The Sakharov conditions for generating a matter-antimatter asymmetry are: (1) baryon number violation, (2) C and CP violation, (3) departure from thermal equilibrium. The Standard Model satisfies all three conditions in principle. Why is the SM insufficient to explain the observed baryon asymmetry?
ABecause baryon number is exactly conserved in the Standard Model
BBecause while the SM has all three ingredients (sphaleron processes violate B+L, the CKM phase provides CP violation, and the electroweak phase transition provides departure from equilibrium), the amount of CP violation is too small by ~10 orders of magnitude, and for m_H = 125 GeV the electroweak phase transition is a smooth crossover rather than the required first-order transition
CBecause the SM predicts equal amounts of matter and antimatter
DBecause the Sakharov conditions require physics at the Planck scale
Electroweak sphalerons (non-perturbative field configurations) violate B+L but conserve B-L, satisfying condition (1). The CKM phase provides CP violation, but its contribution to the baryon asymmetry is proportional to a Jarlskog-like invariant that is tiny (~10^{-20}), failing condition (2) quantitatively. For condition (3), a first-order electroweak phase transition would provide the necessary departure from equilibrium, but the Higgs mass of 125 GeV makes the transition a smooth crossover. Both conditions (2) and (3) must be enhanced by new physics.
Question 2 Short Answer
In thermal leptogenesis, the lightest right-handed neutrino N_1 decays to lepton-Higgs pairs (N_1 -> l H and N_1 -> l-bar H-bar). CP violation in the interference between tree and loop diagrams produces a lepton asymmetry. What is the Davidson-Ibarra bound?
Think about your answer, then reveal below.
Model answer: The Davidson-Ibarra bound is an upper limit on the CP asymmetry epsilon_1 in the decay of N_1: |epsilon_1| <= (3 M_1 / (16 pi v^2)) * (m_3 - m_1), where M_1 is the mass of N_1, v = 246 GeV is the Higgs vev, and m_3, m_1 are the heaviest and lightest light neutrino masses. For hierarchical light neutrinos with m_3 ~ sqrt(Delta m^2_{atm}) ~ 0.05 eV, successful leptogenesis requires M_1 > ~10^9 GeV. This implies that the right-handed neutrinos must be very heavy, and the mechanism cannot be directly tested at colliders. However, the connection between leptogenesis and neutrino masses (through the seesaw mechanism) makes it a testable framework: the neutrino mass matrix parameters constrain the leptogenesis parameter space.

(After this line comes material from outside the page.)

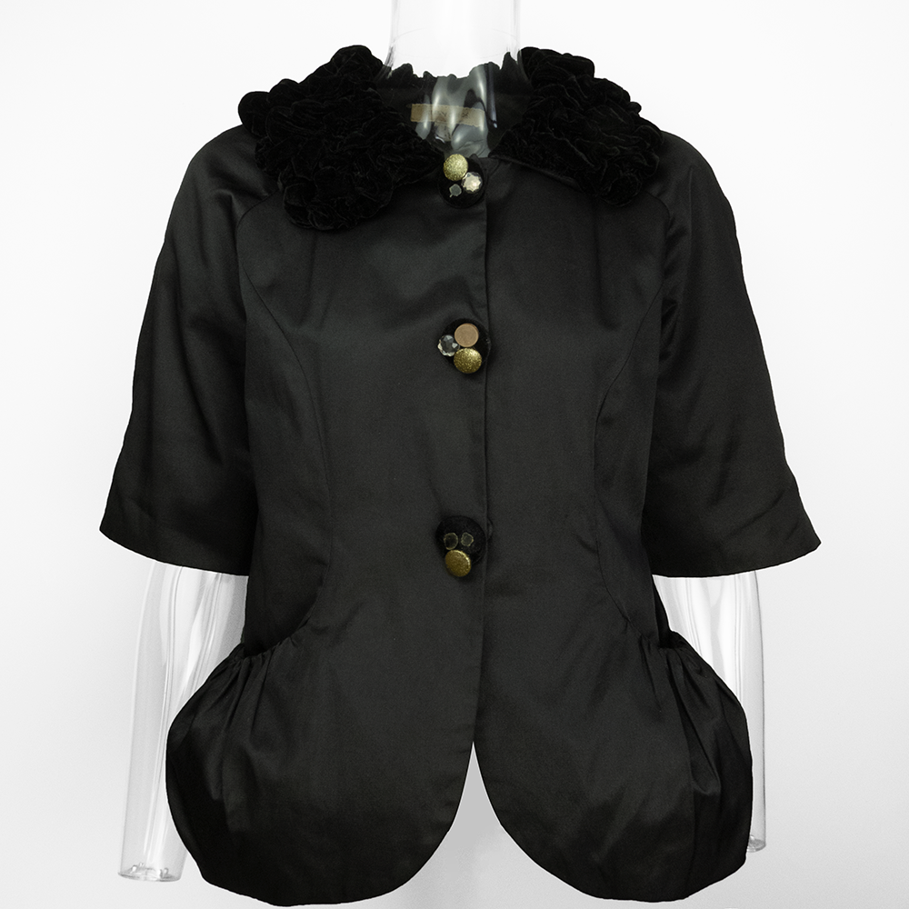 Description:法國品牌See by Chloé黑色天鵝絨抓皺澎澎口袋五分袖外套
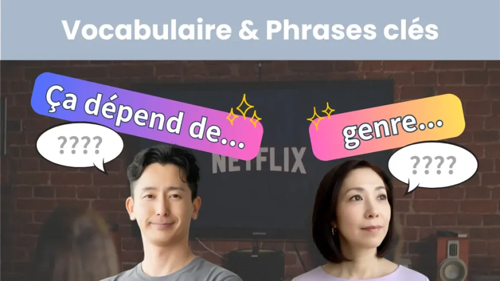 Si vous voulez une expression polyvalente, vous pouvez dire : « Bāi ni yorimasu ». « Bāi (ばあい) » signifie « le cas ». C’est l’équivalent de « Ça dépend des cas / des situations ». Comme le thème de la conversation de cette semaine est les séries TV, notre phrase clé est : « Dorama ni yorimasu ne » (Ça dépend de la série, hein ?). Grâce à la particule « ne (ね) », qui exprime l’empathie ou l’exclamation, la phrase sonne très naturelle !

The Davidson-Ibarra bound is one of the most important results in leptogenesis because it sets a minimum scale for the mechanism. Alternative scenarios (resonant leptogenesis, where two right-handed neutrinos are nearly degenerate) can evade this bound and allow leptogenesis at lower scales, potentially within reach of collider experiments.
Question 3 Multiple Choice
Electroweak sphalerons convert a lepton asymmetry into a baryon asymmetry. This conversion is described by the relation B = (28/79) * (B - L) in the SM (or B = (8/23) * (B - L) in the MSSM). Why is B - L the relevant quantity?
ABecause B - L is easier to measure than B or L separately
BBecause electroweak sphalerons violate B + L but conserve B - L — any primordial B + L asymmetry is washed out by sphalerons in thermal equilibrium, while the B - L asymmetry is preserved; leptogenesis generates a nonzero B - L (specifically L != 0 with initial B = 0), which sphalerons then redistribute into both B and L, creating the observed baryon asymmetry
CBecause B and L are not individually defined in the Standard Model
DBecause B - L is quantized while B + L is not
Sphalerons are non-perturbative electroweak processes that change B and L by multiples of 3 (one unit per generation) while keeping B - L fixed. At temperatures above ~100 GeV, sphalerons are in thermal equilibrium and efficiently erase any B + L asymmetry. Leptogenesis produces L != 0 (and B = 0), giving B - L = -L. Sphalerons then convert this to B = (28/79) * (B - L) and L = -(51/79) * (B - L), producing the observed baryon asymmetry. This is why B - L must be nonzero for any baryogenesis mechanism that operates above the electroweak scale.